Isn't it easier to analyze data when it's organized and presented uniformly? Unfortunately, real life doesn't always align with that preference. Hence, data normalization emerges as a crucial technique that guarantees structured, consistent, and formatted data. In the context of machine learning, normalization is frequently employed to convert various types of data into a standardized scale. This is essential because the features in machine learning can have vastly different value ranges. Therefore, normalizing data is a critical step before applying machine learning algorithms.

Let’s explore different methods to normalize a DataFrame in Pandas.

Section 1.1: Mean Normalization

Mean normalization is one effective approach for feature scaling. The most straightforward method to normalize all columns in a Pandas DataFrame involves subtracting the mean and dividing by the standard deviation.

import pandas as pd

Companies = pd.DataFrame({"No": [1000, 2000, 3000], "Yes": [400, 500, 600]})

df = pd.DataFrame(Companies)

print(df)

# Method 1

df_normalized = (df - df.mean()) / df.std()

print(df_normalized)

# Method 2

normalized_df = df.apply(lambda x: (x - x.mean()) / x.std(), axis=0)

print(normalized_df)

Output: Output image by the Author.

Explanation:

The two scripts above illustrate distinct methods for normalizing a Pandas DataFrame using mean normalization. In the first example, the mean() and std() functions are utilized, while the second leverages dataframe.apply() with a lambda function. Both approaches yield identical results.

Section 1.2: Min-Max Normalization

In contrast to the previous method, min-max normalization provides a straightforward way to adjust the scale of columns.

import pandas as pd

Companies = pd.DataFrame({"No": [1000, 2000, 3000], "Yes": [400, 500, 600]})

df = pd.DataFrame(Companies)

print(df)

normalized_df = (df - df.min()) / (df.max() - df.min())

print(normalized_df)

Output: Output image by the Author.

Explanation:

This method simplifies the process of normalization by requiring only the min-max function, avoiding more complex calculations involving the mean.

Chapter 2: Utilizing Sklearn for Normalization

The first video, "Data Scaling in Python | Minmax Scaler," provides an insightful overview of scaling techniques in Python, particularly focusing on the MinMaxScaler.

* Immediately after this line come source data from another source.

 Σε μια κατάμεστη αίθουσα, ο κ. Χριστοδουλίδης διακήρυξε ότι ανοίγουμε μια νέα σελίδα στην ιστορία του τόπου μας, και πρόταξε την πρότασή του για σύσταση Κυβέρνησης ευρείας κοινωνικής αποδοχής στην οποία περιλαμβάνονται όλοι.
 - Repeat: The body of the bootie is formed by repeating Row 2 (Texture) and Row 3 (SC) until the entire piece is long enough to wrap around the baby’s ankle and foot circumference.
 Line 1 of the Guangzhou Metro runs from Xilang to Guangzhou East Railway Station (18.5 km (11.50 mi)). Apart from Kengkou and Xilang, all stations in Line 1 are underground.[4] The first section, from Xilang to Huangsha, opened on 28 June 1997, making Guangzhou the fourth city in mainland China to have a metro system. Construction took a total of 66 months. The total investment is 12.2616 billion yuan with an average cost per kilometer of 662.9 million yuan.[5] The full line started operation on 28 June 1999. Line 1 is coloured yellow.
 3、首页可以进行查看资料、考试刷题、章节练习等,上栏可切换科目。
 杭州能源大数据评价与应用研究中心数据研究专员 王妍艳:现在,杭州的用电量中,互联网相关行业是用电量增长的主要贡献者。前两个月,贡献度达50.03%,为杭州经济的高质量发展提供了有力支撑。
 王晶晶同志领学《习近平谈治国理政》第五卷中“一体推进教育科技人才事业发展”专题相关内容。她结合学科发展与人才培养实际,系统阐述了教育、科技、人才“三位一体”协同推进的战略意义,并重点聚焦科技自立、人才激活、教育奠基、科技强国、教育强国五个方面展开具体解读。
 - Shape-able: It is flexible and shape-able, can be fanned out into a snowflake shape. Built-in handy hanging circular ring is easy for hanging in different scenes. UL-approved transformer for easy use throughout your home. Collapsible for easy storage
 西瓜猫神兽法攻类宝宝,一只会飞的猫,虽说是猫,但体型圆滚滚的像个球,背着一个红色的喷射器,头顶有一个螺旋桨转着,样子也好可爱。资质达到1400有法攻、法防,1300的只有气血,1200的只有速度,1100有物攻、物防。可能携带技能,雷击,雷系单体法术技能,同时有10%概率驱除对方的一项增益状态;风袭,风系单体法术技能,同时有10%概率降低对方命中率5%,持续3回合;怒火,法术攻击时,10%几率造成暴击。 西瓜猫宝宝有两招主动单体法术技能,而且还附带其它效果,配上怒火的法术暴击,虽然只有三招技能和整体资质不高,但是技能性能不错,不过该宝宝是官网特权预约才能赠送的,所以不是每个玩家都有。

Normalization with Sklearn & MinMaxScaler

In the previous examples, we explored normalization using Pandas. Now, let’s examine how to perform normalization with Sklearn, which offers a variety of methods.

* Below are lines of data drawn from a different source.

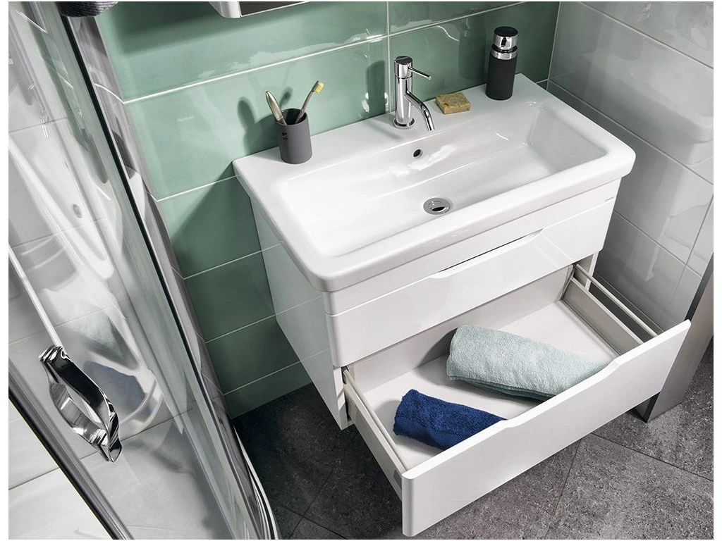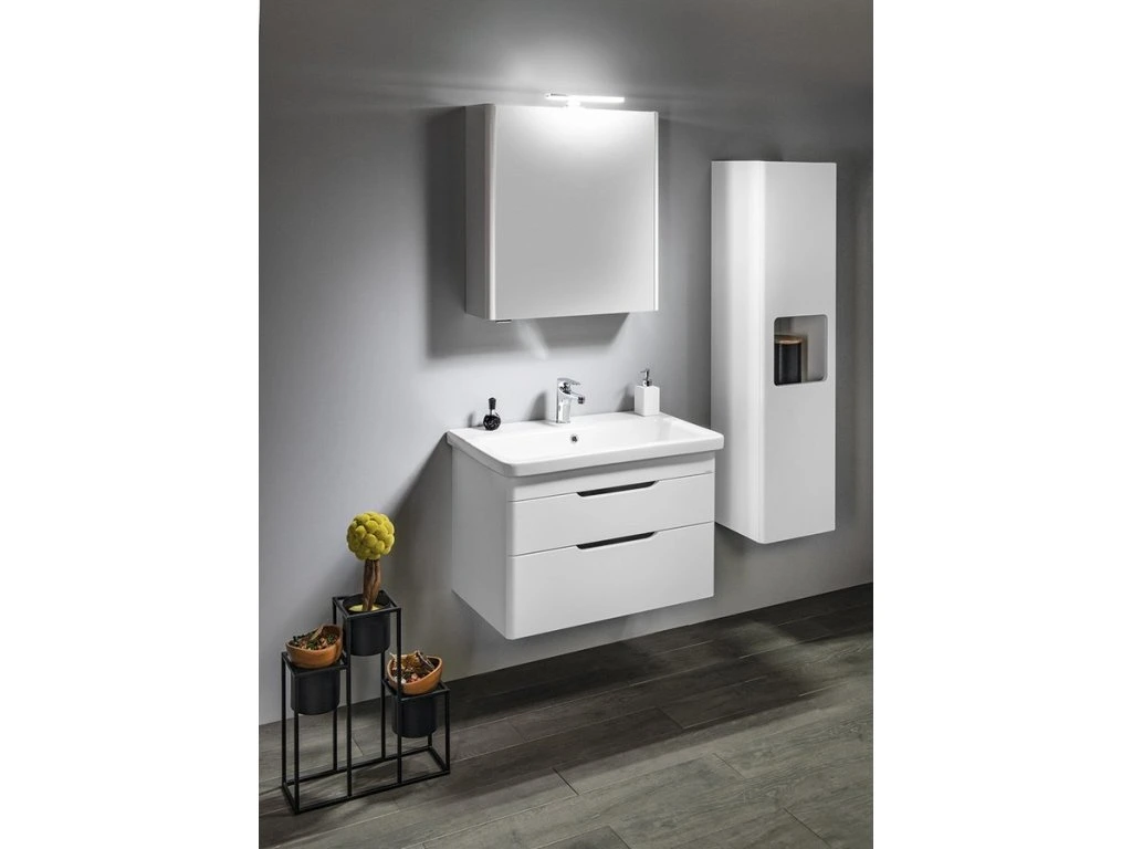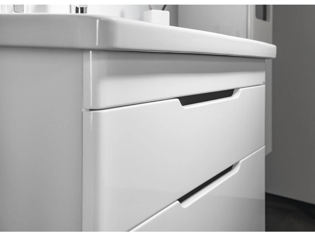 Designová série ELLA zaoblenými rohy harmonicky ladí s keramickými umyvadly City. Bezúchytový systém umožňuje pohodlné otevírání zásuvek, samozřejmostí je systém jejich automatického dovření. Vybírat můžete mezi umyvadlovými skříňkami se zásuvkami a s dvířky. Sérii dotváří doplňkové vysoké policové skříňky.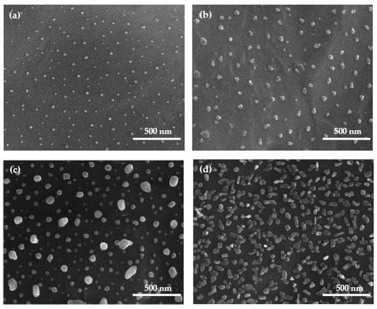 The analysis of the SEM images of Ti6Al4V substrates (Figure 1a–d), whose surfaces have been enriched with AgNPs, shows that this surface is evenly covered by dispersed silver grains, whose densities increase with the increase of the nanoparticles weight percent on the substrate surface. The diameter of the nanosilver grains ranges from 18 ± 8 nm up to 53 ± 18 nm. The smallest diameter of nanosilver is observed when 5 mg of the precursor was used. The use of 20 mg of the CVD precursor in the same deposition conditions led to the formation of AgNPs with significant differences in the diameter (from 45 up to 90 nm) and shape (from spherical to rods) of silver grains (Figure 1c). These deposition conditions are probably suitable for the nucleation of spherical grains and their later growth in one direction (formation of rods). The increase of the CVD precursor concentration in vapors (50 mg) caused the deposition of AgNPs of similar diameter and shape, but their arrangement is characterized by a significantly higher density (Figure 1d).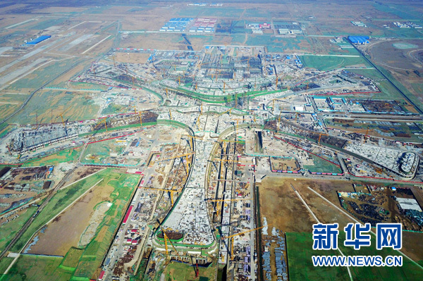 這是正在施工的北京新機(jī)場主航站樓(2月24日攝)。 新華社記者 鞠煥宗 攝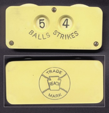 Remarkable celluloid ball-strike counter from the short period when there was a five balls and four strikes rule. Reach keystone logo on the verso, 1886 patent dated. EX-MT.

The MinMaxScaler method subtracts the minimum value in a feature and divides by the range (original maximum minus original minimum). This process effectively scales the feature values.

import pandas as pd

from sklearn import preprocessing

Companies = pd.DataFrame({"No": [1000, 2000, 3000], "Yes": [400, 500, 600]})

df = pd.DataFrame(Companies)

print(df)

x = df.values # returns a numpy array

min_max_scaler = preprocessing.MinMaxScaler()

x_scaled = min_max_scaler.fit_transform(x)

normalized_df = pd.DataFrame(x_scaled)

print(normalized_df)

Output: Output image by the Author.

Normalization with Sklearn & StandardScaler

The previous program showed how to adjust numeric values without creating significant discrepancies (normalization). Now, let’s standardize these values so that their means equal 0 and their standard deviations equal 1. This process is termed StandardScaler.

In essence, a StandardScaler standardizes features by subtracting the mean and dividing by the standard deviation (scaling to unit variance).

import pandas as pd

from sklearn import preprocessing

from sklearn.preprocessing import StandardScaler

Companies = pd.DataFrame({"No": [1000, 2000, 3000], "Yes": [400, 500, 600]})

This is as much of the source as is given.